Ligand-targeted delivery of drug molecules to various types of tumor cells remains a major challenge in precision medicine. Inspired by the secretion process and natural cargo delivery functions of natural exosomes, biomimetic synthetic strategies are exploited to prepare biofunctionalized liposome-like nanovesicles (BLNs) that can artificially display a wide variety of targeting protein/peptide ligands and directly encapsulate medical agents for enhanced drug delivery. As a proof of concept, researchers from Xiamen University developed genetically engineered BLNs, which display human epidermal growth factor (hEGF) or anti-HER2 Affibody as targeting moieties, respectively, to target two types of tumor cells. Notably, in comparison to synthetic liposomes covalently coupled with hEGF, it is demonstrated in this work that biosynthetically displayed hEGF ligands on BLNs possess higher biological activities and targeting capabilities. Additionally, treatments with doxorubicin-loaded BLNs displaying Affibody ligands exhibit much better antitumor therapeutic outcomes than clinically approved liposomal doxorubicin (Doxil) in HER2-overexpressing BT474 tumor xenograft models. These data suggest that BLN is suitable as a potent surrogate for conventional proteoliposomes or immunoliposomes as a result of excellent targeting capacities and facile production of BLNs.

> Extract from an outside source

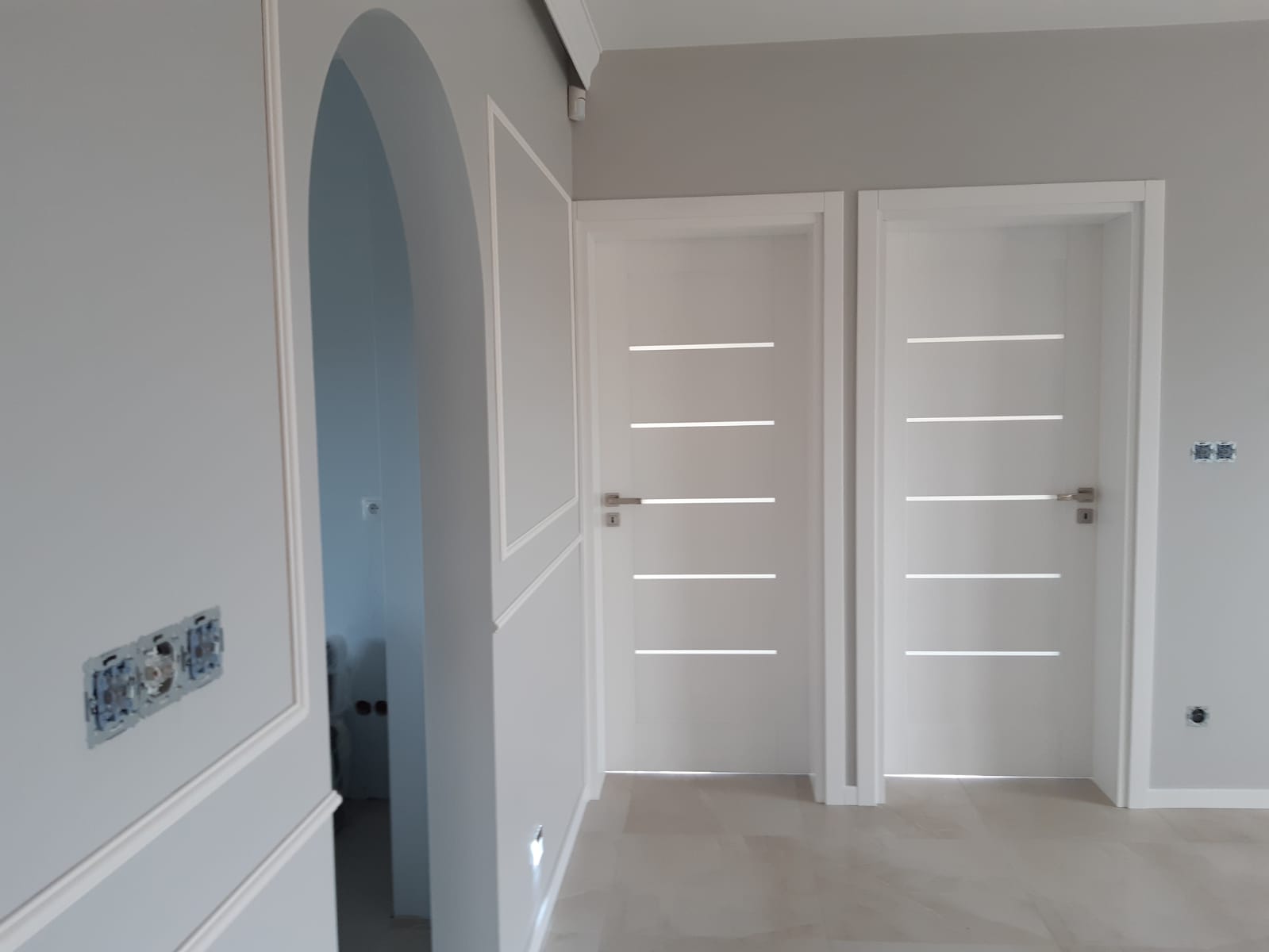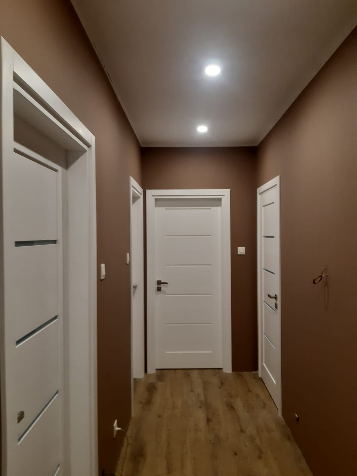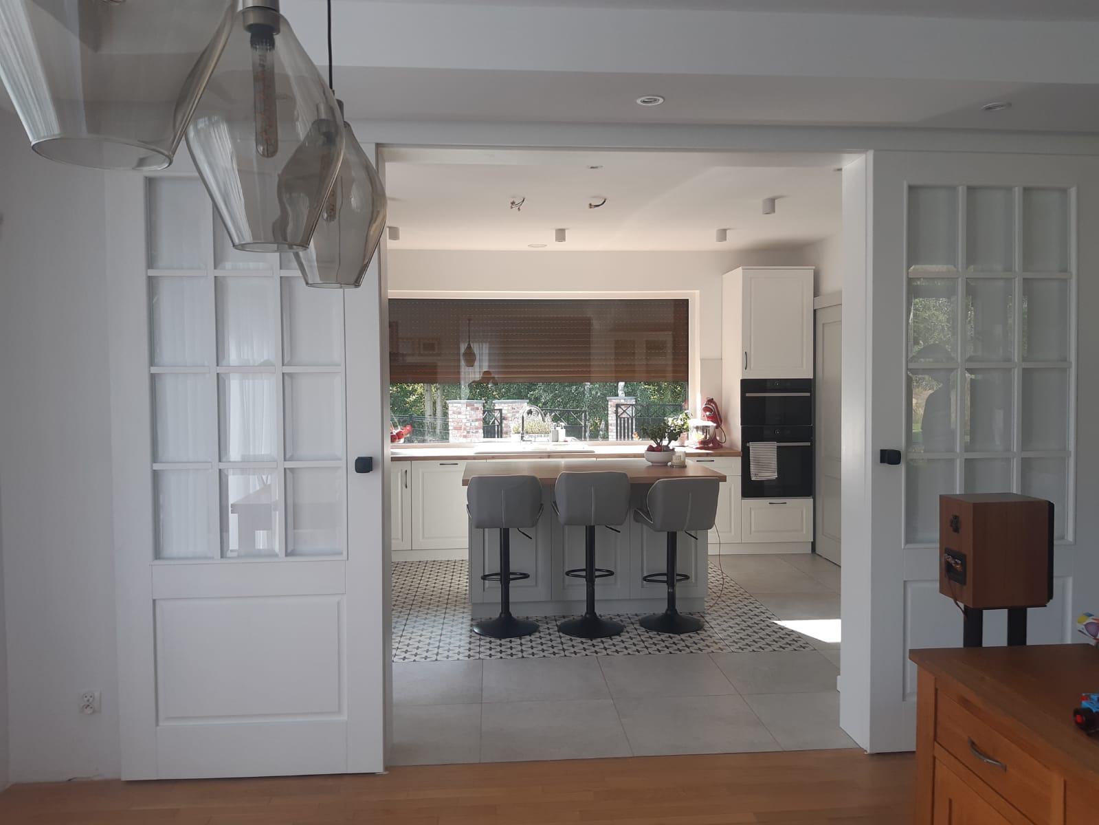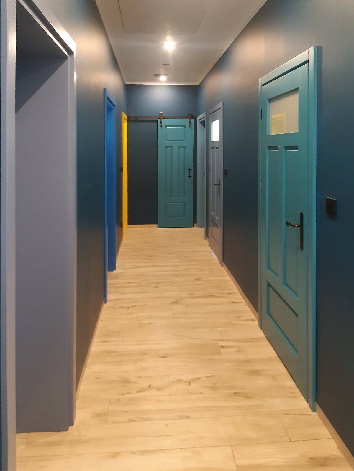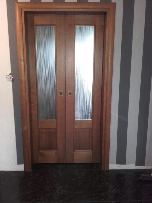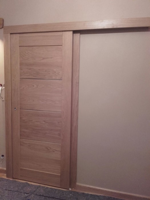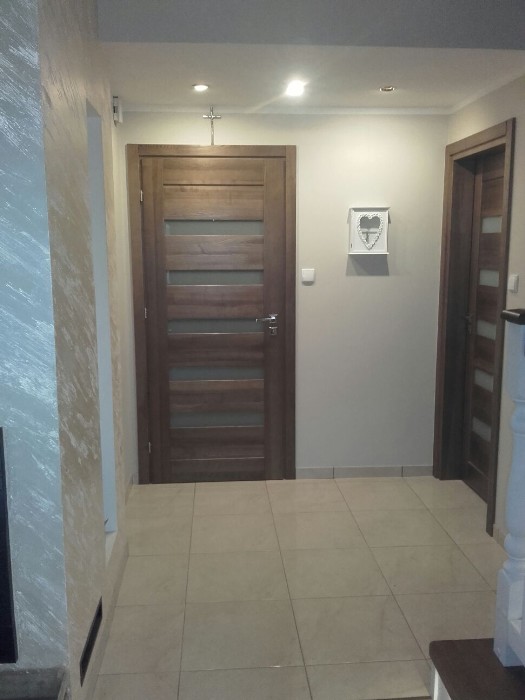Drzwi drewniane wewnętrzne wykonujemy z drewna klejonego: sosnowego, jesionowego lub dębowego. Wzór dowolny, według wizji klienta. Do produkcji drzwi z szybą używamy szkła mlecznego, hartowanego, fazowanego, piaskowanego.

Schematic illustration of biofunctionalized liposome-like nanovesicle (BLN) preparation
a) The genes of targeted protein ligands (hEGF or Affibody) were genetically engineered and then transfected into cells to express the modified targeting ligands on cell surface. b) Expressed protein ligands were further transported to Golgi body via signal peptide-mediated protein trafficking route. c) Transport vesicles carrying ligands from the Golgi body fused with the plasma membrane, thus presenting targeting proteins on cellular surface. d) With sodium deoxycholate entrapped into plasma membrane, ligand-presenting giant plasma membrane vesicles begin to bud from cell surface in a manner similar to secretion process of exosomes. e) After incubation of giant plasma membrane vesicles with drugs and surfactants, ultrasonic vibrating facilitated to encapsulate photosensitizer (ICG) or chemotherapeutic agent (Dox) into uniform nanoscaled BLNs. f) Drug-loaded BLNs exhibit excellent ligand-mediated affinity to the overexpressing receptors (EGFR or HER2) on tumor surface.